I saw numerous LCs and Baby E would either breastfeed like a champ in front of them (clearly, the “aim to please gene” didn’t skip this generation) or the LC would tell me that it was perfectly normal for a 3-month baby to nurse for just 2 mins; and that I should “feed on demand” more often. I’m going to be totally honest now: I just didn’t want to “feed on demand.” I didn’t want to be a prisoner to breastfeeding. I know many new moms who don’t mind this, but it just wasn’t realistic for me. If she was feeding 2 mins per feed, getting an ounce each time, I would have to feed her about 24 times a freaking day! Not to mention, she went back to becoming miserable on the boob, likely due to reflux. It wasn’t a pleasant experience for either of us. So, I decided it was time to pump and bottle feed. I came to the realization that knowing she was getting a full/healthy feed with the bottle was more important than the act of breastfeeding.
For the first couple of weeks of bottle feeding, I still struggled with it emotionally. I felt like a failed. I was also paranoid that I wasn’t getting the maximum amount of bonding, so I breastfed for the first morning feed (when she typically breastfeeds okay) for however long she’d stay latched, and then supplement with a bottle of breast milk. I honestly don’t think it makes a difference at all whether you breastfeed or bottle feed from a “bonding” perspective, but whatever, I did it to “calm my nerves” and it worked for me.

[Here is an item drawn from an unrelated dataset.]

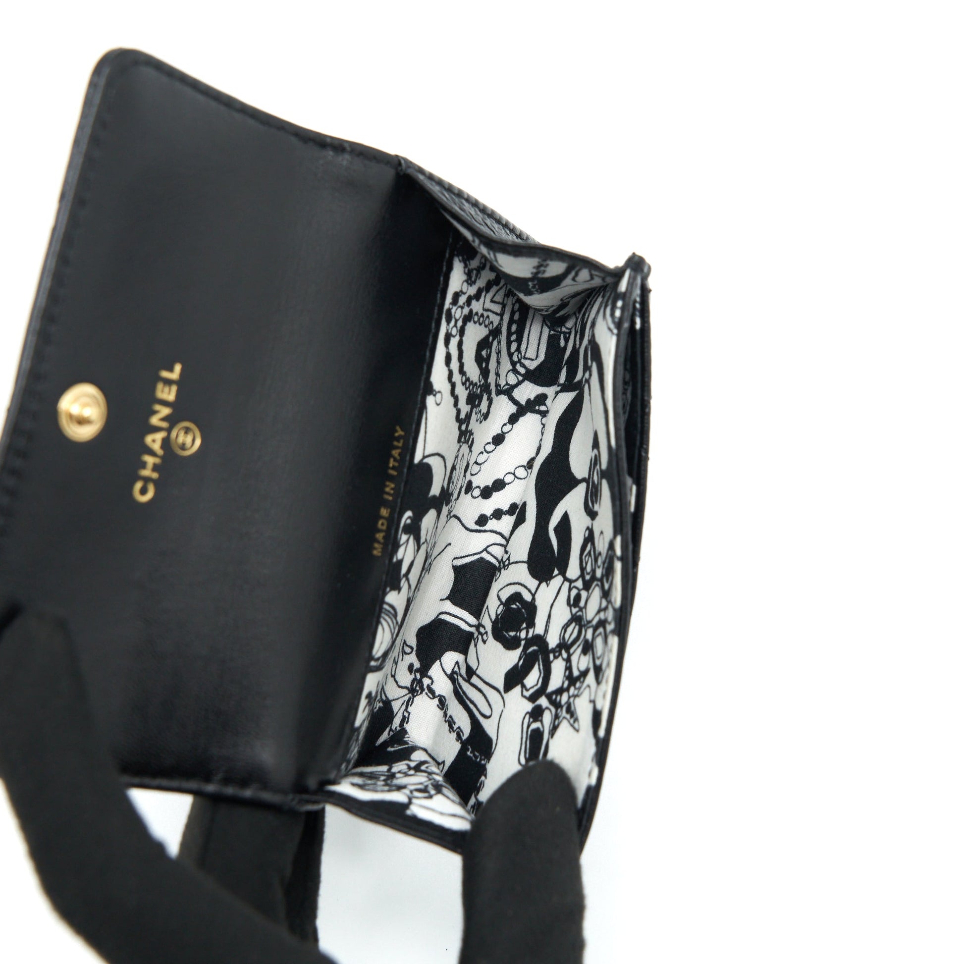 Chanel Quilted Mini Flap Card Holder Lambskin Black GHW

Fast forward another five month to today…I have a very healthy breastmilk-bottle fed baby who is happy and thriving, with no signs of suffering a shortage of breastfeeding-bonding experience. As an added bonus, I saw a profound improvement on her sleeping (slept through the night by three months) and reflux issues. Oh yeah, most importantly, I was happier and didn’t feel the weight of anxiety that came with breastfeeding.
Like everyone says, you know in the end everything will be just fine regardless of what you do – whether it be bottle feeding vs. breastfeeding or breast milk vs. formula. It’s a shame that mothers have to feel disappointment because they have to use the bottle (or formula).